Mentalitas menciptakan musuh, menerapkan hukum rimba sebagaimana mengeksekusi Saddam di masa lalu, termasuk melepas paksa Timorleste - dengan memperalat PBB - dari pangkuan NKRI, mengkonservasi permainan "zero-sum" (untung di gue dan rugi di elo) selalu melekat di benak politisi AS. Itu semua karena perasaan tidak aman mereka lantaran membayangkan hegemoni AS bakal diganti. Itulah hantu yang mereka ciptakan, sebagaimana di Indonesia yang selama 30 tahun Orba rajin menciptahidupkan hantu PKI.
Baru-baru ini, sebuah balon sipil China tersesat di wilayah udara AS karena force majeure. Meski banyak pejabat AS yang menyatakan balon China itu tidak menimbulkan ancaman bagi personel dan keamanan AS, toh insiden ini dieksploitasi AS dengan mengirim jet tempur canggih, bahkan mengambil kesempatan untuk melakukan manipulasi politik, mencoreng dan menyerang China, menghasut suasana anti-China, dan menggelar sirkus politik yang histeris tentang balon China tak berdosa itu.
Dunia multi polar
Masyarakat internasional sudah banyak berubah. AS dan barat malah kembali ke jalur lama yang penuh konfrontasi dan perpecahan. Seharusnya AS dan barat bisa memahami itu dengan baik, bukannya terperangkap dalam permainan zero-sum dan konflik yang berkepanjangan.
Dunia multi polar adalah keinginan kuat rakyat semua negara. Dunia multi polar adalah tanggungjawab bersama semua negara di dunia. Dunia multi polar adalah arah perkembangan zaman yang benar.

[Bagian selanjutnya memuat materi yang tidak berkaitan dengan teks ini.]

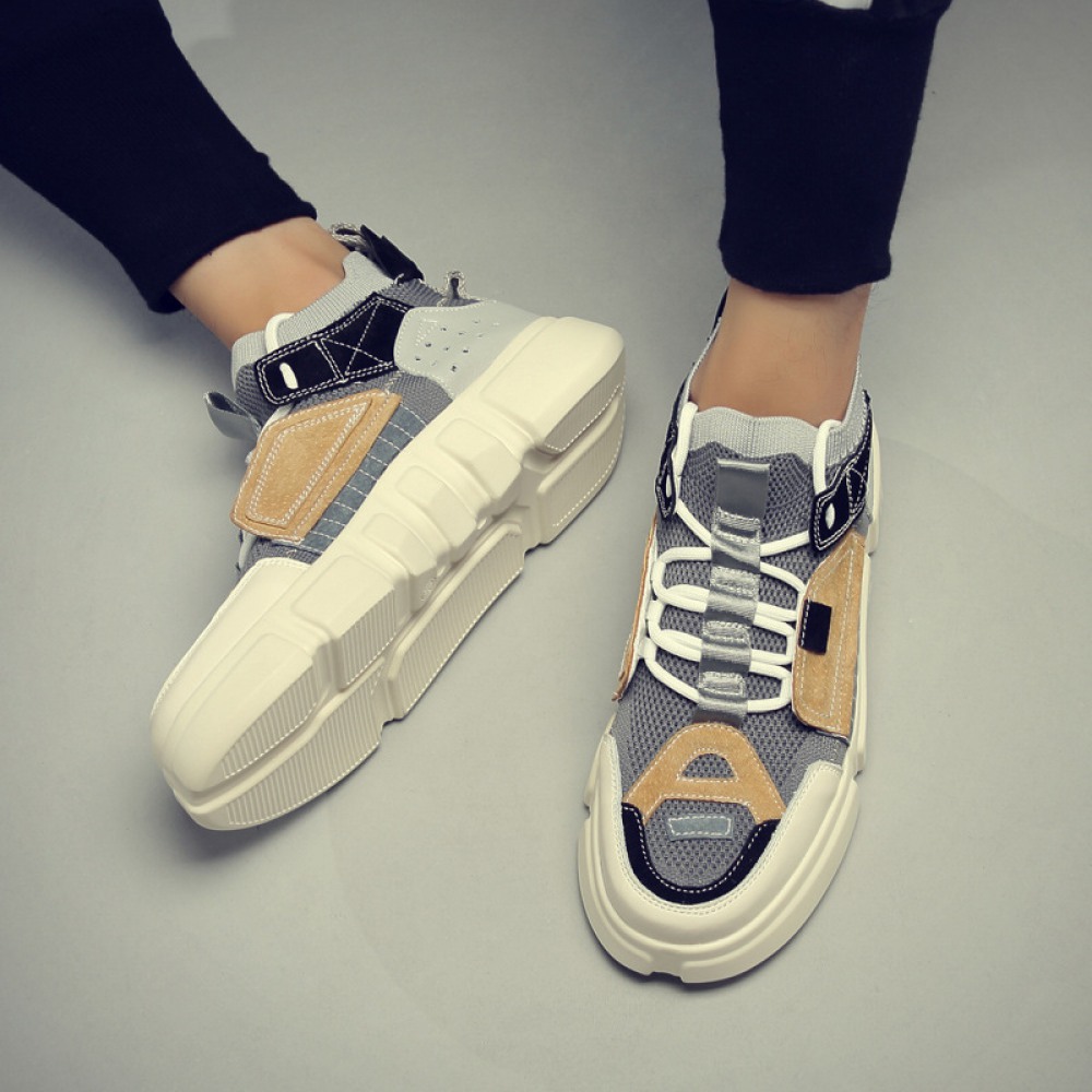 Men's Leather Shoes High-Top Sports Casual Sneakers

Kekuatan besar dapat saja terlibat dalam persaingan, tetapi harus melakukannya dengan cara yang anggun. Kanselir Jerman Olaf Scholz pernah mengatakan dalam sebuah artikel bahwa pertanyaan sentral bagi orang Eropa, khususnya UE, adalah bagaimana mereka dapat tetap menjadi aktor independen di dunia yang semakin multi polar.
Kebangkitan China dan Rusia sekarang adalah bagian dari perubahan dunia. Seyogyanya AS dan barat harus menghindari godaan untuk sekali lagi membagi dunia menjadi blok-blok.

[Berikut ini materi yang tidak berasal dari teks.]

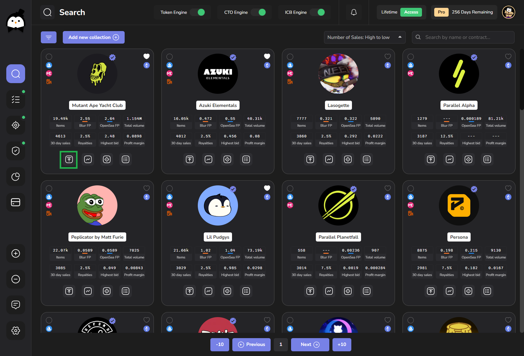 Available Marketplaces for each collection are highlighted on the top left of each collection.

Menghadapi perubahan besar dalam sejarah, semua negara pastilah menghadapi tantangan. Hanya dengan berpegang pada narasi yang adil yang mengikuti sejarah dan berbagi nasib sesuai perkembangan zaman, dan bertindak bersama, dunia yang bebas dari ritual dan liturgi Hegemonisme dunia dapat memenangkan masa depan yang cerah dalam rangka mewujudkan "the dignity of mankind".